As the war raged into its second unpredictable month, however, those investments became targets. Iran’s Islamic Revolutionary Guard Corps threatened 18 U.S. tech and finance companies that own or operate infrastructure in the Middle East—Microsoft, Apple, Google, Meta, Nvidia, IBM, Cisco, Oracle, Tesla, Intel, Palantir, JPMorgan, and Boeing, among others—with “the destruction of their relevant
units in exchange for every assassination in Iran.” (None of the named corporations responded to requests for comment.) The I.R.G.C. later threatened OpenAI’s Stargate data center, specifically.
The dynamic validated the dark
prophecy issued last July by Sam Winter-Levy, a fellow at the Carnegie Endowment for International Peace. While so much of the U.S. political discourse focused on the Silicon Valley oligarchs who stood behind Trump at his inauguration, and seemed prepared to tolerate his Gulf of America–style provocations in exchange for modest A.I.
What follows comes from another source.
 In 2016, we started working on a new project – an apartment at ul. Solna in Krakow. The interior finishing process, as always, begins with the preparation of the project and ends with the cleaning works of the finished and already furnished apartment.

regulation, Winter-Levy saw a more dystopian possibility: He warned that Trump’s plans to partner with Middle Eastern governments on A.I. infrastructure would place data centers “in locations highly vulnerable to attack from hostile actors—and at a time when the risk from cheap drones is intensifying.”
|
Assuming Trump can’t, in fact, get a deal, how much damage could Iran actually inflict? As Winter-Levy noted
to me, the Iranians “have every incentive to exaggerate their capabilities as leverage or signaling in their negotiations with the U.S.” But the outcome “could range from mild temporary inconveniences for some of the world’s wealthiest companies to much more serious and prolonged outages for critical Gulf public and private services.” In many cases, he noted, even a few hours’ worth of data center outages could cost a company millions of dollars.
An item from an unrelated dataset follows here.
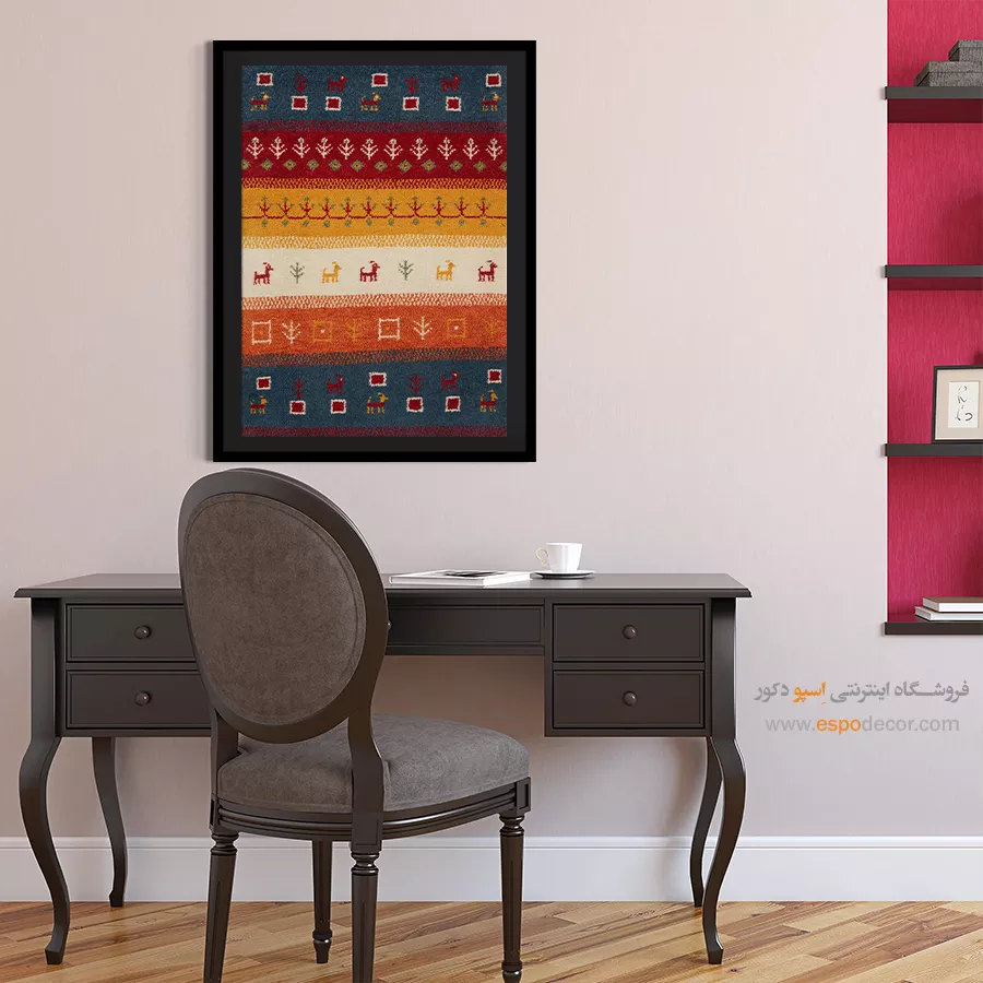 تابلو بوم گبه، روایتی از رنگ و ریشه است؛ جایی که نقوش سنتی ایرانی بر روی تابلو میرقصند.

Part of what makes such outages hard to
predict is that it’s unclear which applications or institutions rely on which data centers, according to Charles Harry, an international security researcher at the University of Maryland. “No one really maps this stuff out,” he said, which makes it difficult to tell how widespread the impacts might be. “The big strategic risk here for the Iranians is that they’re going to hit something that they don’t recognize is critically important, either for the region or globally, that can
lead to an unintended escalation.” But even demonstrating that they could, as the I.R.G.C. recently did, might be enough to rattle markets—which Harry thinks is the point. “Their motive is all about applying pressure on the United States in an asymmetric way,” he said.
Indeed, while hyperscalers have invested a lot of money into defending against cyberthreats, they haven’t prepared nearly as much for physical ones. “When so many A.I. technologies depend on the infrastructure of a
couple of companies around the world, the ability to target that creates more single-point-of-failure risks,” said Justin Sherman, the founder and C.E.O. of Global Cyber Strategies. Describing the push to build A.I. infrastructure in the Middle East as a “reckless rush,” he said that the U.S. government now presumably recognizes the risks. “They should have seen them to begin with,” he added. (The Department of Defense did not respond to a request for comment.)
Assuming
the current Iranian regime survives, large-cap companies seeking to build or stay in the Middle East will have to consider additional, enormous expenses such as air defense, according to Dmitri Alperovitch, the cybersecurity expert formerly of CrowdStrike, of which he was a co-founder. At that point, the region’s abundance of cheap land and power will be less of a bargain. “You have to think hard about the trade-offs of operating in the region,” he told me, adding that from a
national security perspective, fewer data centers in the Middle East arguably wouldn’t be a bad thing. And since most model training happens in the U.S., he said, a slowdown in the region wouldn’t necessarily translate to a slowdown in A.I.—just another factor for investors and governments to consider, and to pay to mitigate.
Still, he doesn’t think a Middle Eastern data center pullback is likely. Those governments see it “as a national priority to have sovereign A.I. infrastructure,”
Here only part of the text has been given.